In the pharmacodynamics study, cinacalcet reduced the serum PTH levels at doses of ≥10 mg/kg, and evocalcet also decreased the serum PTH levels at doses of ≥0.3 mg/kg. In this dose range, cinacalcet induced acute or delayed vomiting at doses of 10, 30, and 100 mg/kg, but the animals who received evocalcet did not show any symptoms of vomiting at a dose of 10 mg/kg. Cinacalcet induced vomiting from the pharmacological effective dose, whereas evocalcet did not induce vomiting, even at 30 times the effective dose. In the vagus nerve study, although evocalcet showed a milder effect on the afferent vagus nerve action potentials, the afferent vagus nerve action potentials in the cinacalcet and evocalcet groups did not differ to a statistically significant extent. We considered some possible reasons as to why our hypothesis, that evocalcet would have a weaker effect on the afferent vagus nerve action potentials in comparison to cinacalcet, was not proven in this study. As the first reason, in the present study, the numbers of animals and/or experiments might have been too small; thus, the study may have lacked the power to demonstrate statistical significance. Additionally, the vagus nerve study was performed under anesthesia, while the emesis study and clinical trials were performed under arousal. Anesthesia is thought to affect the duration for which the drug remains in the GI tract. In the vagus nerve study, the drug would be more likely to remain in the GI tract longer under anesthesia, and the evocalcet was more likely to have a stimulatory effect in comparison to experiments performed under arousal.

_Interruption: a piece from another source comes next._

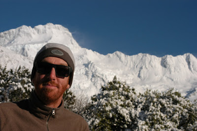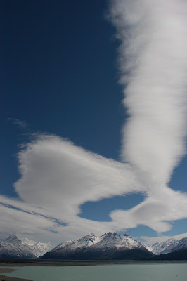 The Mt Cook Connections bus arrived at 10am. We were the only passengers, and our friend Allan from a few days earlier was driving us down to Twizel. Allan was a cool guy, and was fast becoming the hero of our trip. He had saved me from the crazy winds at Lake Pukaki, allowed Jer to recover by driving him up from Lake Tekapo, and all along the way was the consumate professional and guide, equipping us with all sorts of knowledge about the region. Now he took his heroic status to the next level - producing Jer's missing sunglasses out of the glove compartment. Jer was beside himself with gratitude, and we headed off towards Twizel. As soon as we turned out of the valley and onto the shores of Lake Pukaki, the snow disappeared, and we were back in a dry, brown landscape. We drove along chatting to Allan, trying to impress him with how much independent learning we'd done about Mt Cook.

The differences in the GI side effects between evocalcet and cinacalcet may be due to the differences in the dose of each drug. It was reported that the bioavailability of evocalcet in rats was more than 80%, whereas that of cinacalcet is approximately 1%–2% [11]. The reduction in the pharmacologically effective dose of evocalcet due to its higher bioavailability appears to contribute to the reduced direct stimulation of the GI tract, since of the dose administered, only a small amount of evocalcet is exposed in the stomach.

Additionally, it has been reported that evocalcet has less of an effect on gastric emptying compared to cinacalcet. The rapid disappearance of evocalcet from the digestive tract with its good bioavailability also might lead to limited stimulation of the efferent vagal nerves. On the other hand, cinacalcet is known to delay gastric emptying, resulting in a prolonged stay in the GI tract and sustained efferent vagal stimulation. Evocalcet is also reported to have a wider safety margin for emesis than cinacalcet in common marmosets [11]. In the clinical study, the GI side effects of evocalcet were also decreased compared to those of cinacalcet [14]. These results support the notion that evocalcet stimulates the GI tract to a lower degree than cinacalcet.

Conclusions

The present study confirmed that cinacalcet caused GI side effects through the direct stimulation of the GI tract, which was associated with an elevation of the afferent vagus nerve action potentials. Evocalcet—a novel calcimimetic agent with an improved pharmacokinetic profile in comparison to cinacalcet—did not induce vomiting in miniature pigs, and tended to show a mild effect on the afferent vagus nerve action potentials in comparison to cinacalcet, although these differences were not statistically significant. Our results therefore suggest that evocalcet may be a potent alternative to existing calcimimetics for the management of SHPT, with a lower rate of GI-related adverse events.